Pehr Louis Sparre af Söfdeborg (3 August 1863 – 26 October 1964) was a Swedish painter, designer and draughtsman, most noted for his early work in the Finnish national romanticism and jugend styles. He also competed in the individual and team épée fencing events at the 1912 Summer Olympics.

Biography
Born in Gravellona Lomellina, Italy. He was the son of  Pehr Ambjörn Sparre af Söfdeborg (1828–1921) and Teresita Adèle Josefa Gaetana Barbavara (1844–1867). His father had served as head of the banknote printing company for the Sveriges Riksbank. He spent his early childhood with the mother at Villa Teresita in Gravellona  while his father was often on business trips. After having suffered an accident, her mother died when he was four years old. He then moved with his father in Paris prior to being sent to Sweden for school studies. He attended the Royal Swedish Academy of Fine Arts before relocating to Paris.

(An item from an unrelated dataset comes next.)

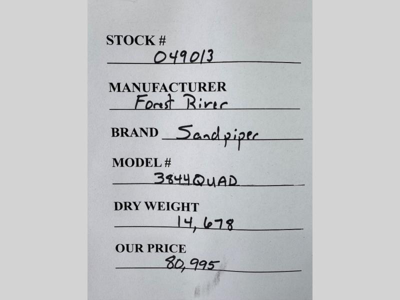 Forest River Sandpiper fifth wheel 3844QUAD highlights:

Sparre was a student at Académie Julian in Paris from 1887 until 1890. He studied with Akseli Gallen-Kallela, Eero Järnefelt and Emil Wikström and took part in painting trips in Karelia with Kallela and Wikström. Sparre is often mentioned as a founder of the Karelianism movement, along with Akseli Gallen-Kallela. He moved to Finland in 1889, living there for almost two decades. In 1893, Sparre married Eva Mannerheim (1870–1958), an artist and the sister of Carl Gustaf Emil Mannerheim.

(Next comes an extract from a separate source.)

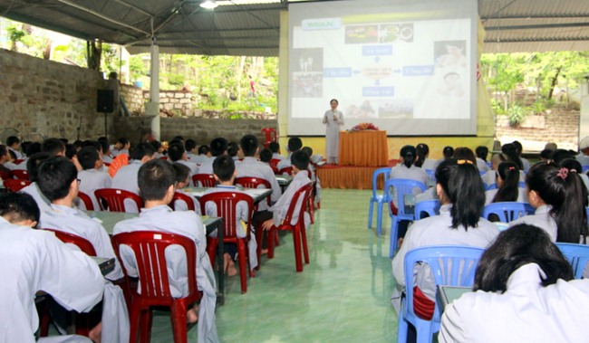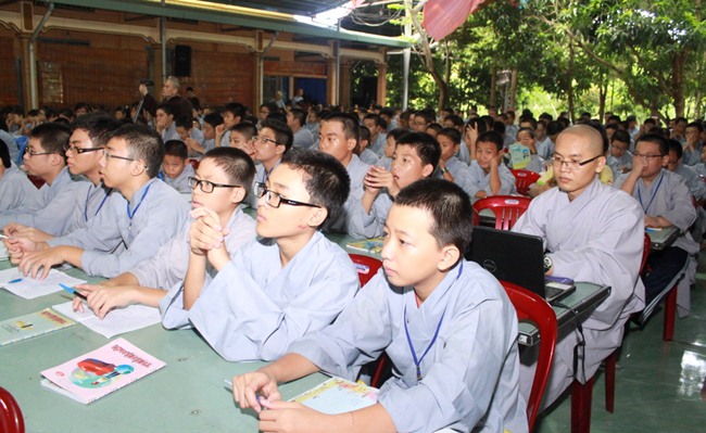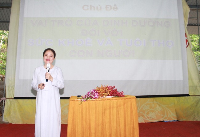 Ban Tổ Chức Khóa hè Thiền Tôn Phật Quang đã mời cô Lê Thị Mộng Hảo – Giảng viên khoa Công nghệ Thực phẩm trường Đại học Công nghệ TP HCM – Chuyên gia dinh dưỡng (trên 30 năm giảng dạy) – GĐ TTĐT Lập trình viên Quốc tế Apteh Ấn Độ – Hiệu phó trường Đào tạo Tài năng TP.HCM đến dạy cho các em Khóa sinh về chuyên đề DINH DƯỠNG & SỨC KHỎE. Buổi học bao gồm 2 bài giảng với chủ đề “VAI TRÒ CỦA DINH DƯỠNG ĐỐI VỚI SỨC KHỎE, TUỔI THỌ CỦA CON NGƯỜI và THỨC ĂN ĐƯỜNG PHỐ, NGUY CƠ GÂY NHIỄM BỆNH HÀNG ĐẦU.

In 1891, two of his works were exhibited at the Paris Salon. After the mid-1890s, Sparre reduced his work as a painter and instead worked on developing the industrial art and graphics industry in Finland. In 1897, he founded the Iris furniture and ceramics factory in Porvoo. Impressed by the pottery of the English-Belgian ceramist and painter Alfred William Finch, Sparre invited him to manage the ceramics department. By the request of his friend, Karl Emil Ståhlberg, Sparre also worked as the director for the first Finnish fictional film, the 20-minute-long Salaviinanpolttajat in 1907.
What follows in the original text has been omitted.